Our colleagues have delivered their first views on the announced tariffs here, with an in-depth focus on the US here. An early take on the impact on rates and FX markets can also be found here. At the heart of the story is Donald Trump delivering on his promise to restructure the global trading system. His incentives are clearly laid out in his Executive Order. In reality, the outcome is about as bad as it could be. China tariffs are virtually now at 60%, EU tariffs are at 20% and there’s a baseline universal tariff of 10%. Given that these tariffs are being presented at ‘discounted rates’, there is also the potential for them to be increased in the event of retaliation. The jeopardy of a global trade war remains, and hence we’re seeing no relief rally in risk assets on the view that all the bad news is out the way and things are as bad as they can get.

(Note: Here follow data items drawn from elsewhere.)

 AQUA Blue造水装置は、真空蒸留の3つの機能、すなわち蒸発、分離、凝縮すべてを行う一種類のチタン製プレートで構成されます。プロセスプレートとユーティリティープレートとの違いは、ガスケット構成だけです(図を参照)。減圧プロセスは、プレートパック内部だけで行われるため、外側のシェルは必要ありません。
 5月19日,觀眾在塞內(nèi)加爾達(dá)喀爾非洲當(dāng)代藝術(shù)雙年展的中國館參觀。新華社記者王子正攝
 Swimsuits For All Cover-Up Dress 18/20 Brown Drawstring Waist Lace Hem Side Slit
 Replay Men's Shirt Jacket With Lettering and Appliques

Instead, a pair like CNH/JPY best characterises the mood in FX markets. Asian trading nations are being hit hard with tariffs since the bloc comprises around 60% of the US annual goods deficit. The offshore USD/CNH is sharply higher, although we expect authorities will continue to hold the line in the onshore USD/CNY. Expect an increased focus on the daily PBoC fixings in USD/CNY. Any near-term fixing over 7.20 would trigger another leg lower in Asian FX on the (in our view mistaken) fear that Chinese authorities might tolerate a weaker renminbi after all.
But away from Asia, the dollar is being sold against the big, liquid defensive currencies of the Japanese yen and Swiss franc and, to a lesser degree, the euro. Here, the blowback of US tariffs onto the US domestic economy leaves the dollar naked. US rates continue to be marked lower, and not until we get some surprisingly good news from the US on tax cuts or deregulation may the dollar start to find some support. Indeed, the dollar sell-off could prove a little problematic for Washington in that it had expectations that the dollar would rally on tariffs to provide insulation to the US consumer from higher import prices. And again, this is unlike 2017/18, where a major tax cut went through before tariffs were announced.

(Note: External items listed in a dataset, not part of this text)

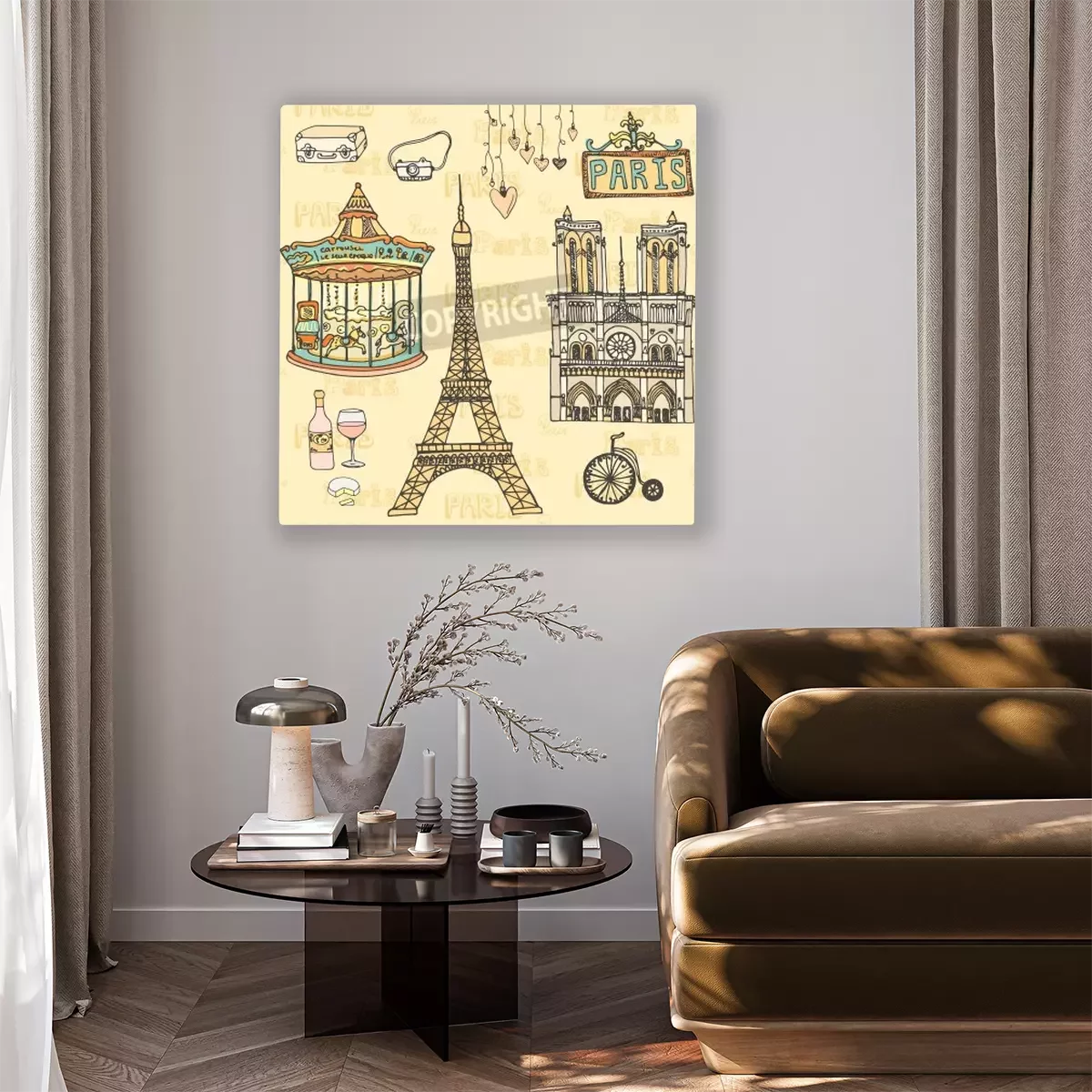 Canvas: Set of Paris symbols made in vector. Eiffel tower, moulin rouge, Notre Dame De Paris, wine, cheese.
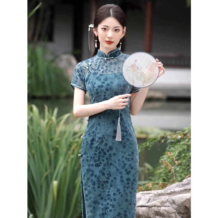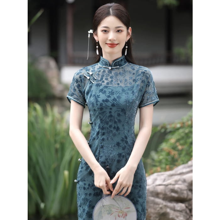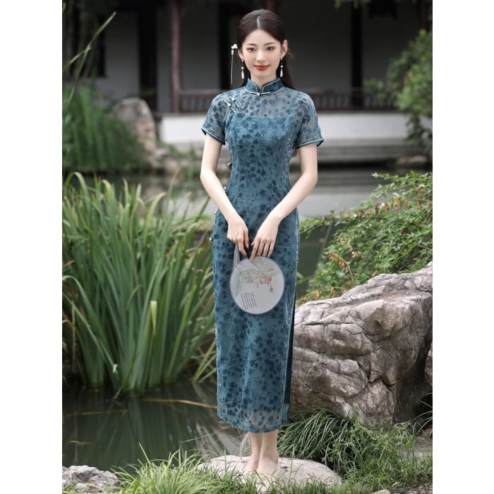 Transformez-vous en une vision d'élégance avec le Cheongsam élégant Moonflower. Cette superbe robe, aux motifs complexes de fleurs de lune, respire la grâce et la sophistication. Adoptez la sensation de luxe et démarquez-vous lors de tout événement formel.
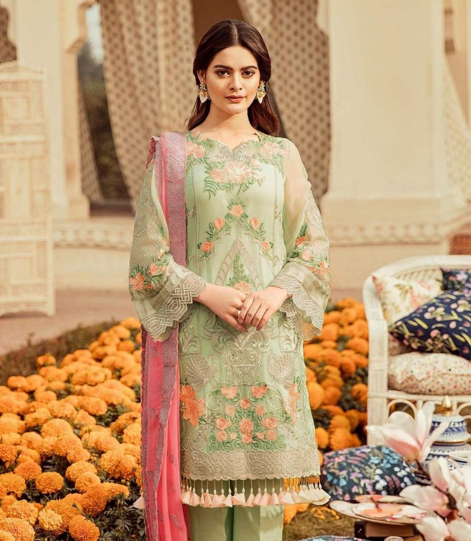 Fully Embroidered Chiffon Shirt Front enhanced with Embroidered Daman
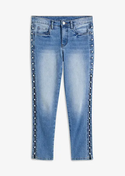 Skinny-Jeans mit Perlen-Details an der Seitennaht
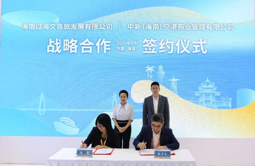 4月16日,在第六届中国国际消费品博览会5号展馆现场,中新(海南)空港商业管理有限公司与海南过海文商旅发展有限公司正式签署合作框架协议。
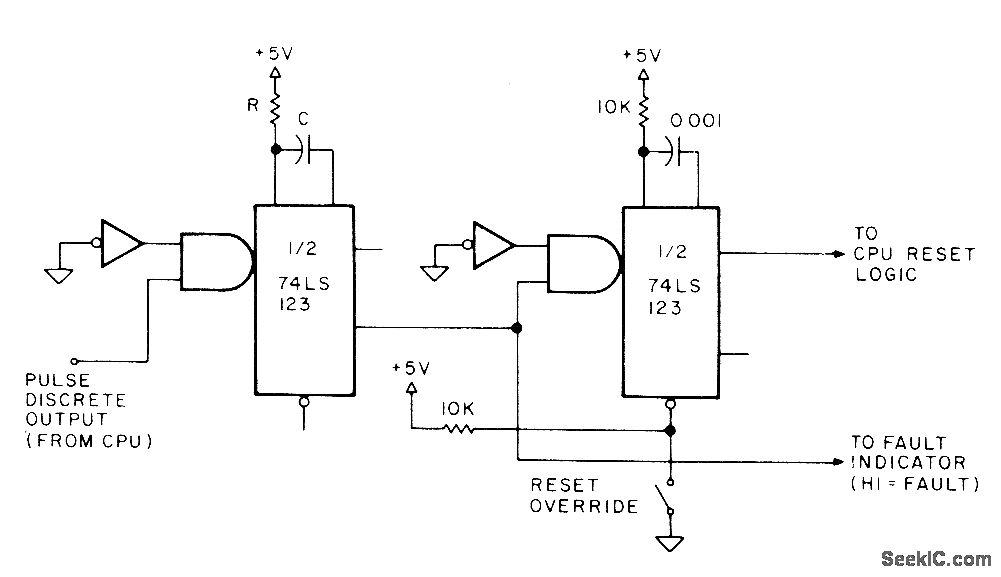 Detects large percent-age of random faults, such as overflow conditions. Based on fact that part of program passes through reentry on predictable repeat basis. For each reentry, pulse is fed from CPU to input of ,, 74LS123 retriggerable mono MVBR. On each pass through program, programmer sets and then resets MVBR. Period of mono is made longer than longest normal time between programmed pulse outputs, to prevent false alarms. Any system fault that makes program repeat instructions endlessly or lose control will give false indication.-D. Brickner, Get a Watch-dog to Monitor Those Real-Time Operations, Kilobaud, April 1978, p 118-119.

With pessimism growing about US domestic demand, expect investors to continue using short USD/JPY positions to express this view. 147.00 is pretty strong support, but heavy US equity losses today could drag it back to the 145 area.
For today’s session, look out for the weekly jobs initial claims data and then ISM Services. We should also be on the potential lookout for European retaliation in the services sector, since the US runs a large surplus with Europe in this area.
DXY has nearly retraced 75% of the Trump rally since October. Softer risk assets can drag it towards the 102.00 area today.